Aminohydroxymethylene

Aminohydroxymethylene

Author: ChemistryViews

Peter R. Schreiner and colleagues, Justus Liebig University, Gießen, Germany, have generated, isolated, and characterized the previously unknown aminohydroxymethylene (aminohydroxycarbene) in solid Ar via pyrolysis of oxalic acid monoamide. Aminohydroxymethylene is the simplest aminooxycarbene, an isomer of formamide and formimidic acid, and a prototypical electron donor-stabilized carbene. It is astrochemically relevant.

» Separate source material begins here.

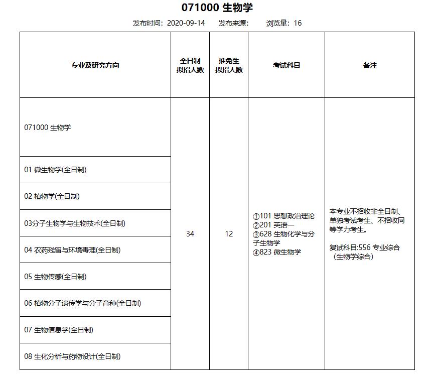 2021拼搏在线官网专业目录:北京科技拼搏(中国)化学与生物工程学院071000 生物学2021年硕士研究生招生专业目录

The researchers found that it is stable under cryogenic conditions and only decomposes to HNCO + H2 and NH3 + CO when the trans-conformer is irradiated at 254 nm. This result is in contrast to other hydroxycarbenes and aminomethylene, which undergo [1,2]H shifts to the corresponding carbonyls or imine. Due to very significant heteroatom stabilization, quantum mechanical tunneling (QMT) from the trans-conformer to formamide or formimidic acid does not take place on laboratory time-scales but may be relevant in astrochemical processes according to the researchers. The experimental data are well supported by the results of CCSD(T)/cc-pVTZ and B3LYP/6-311++G(3df,3pd) computations.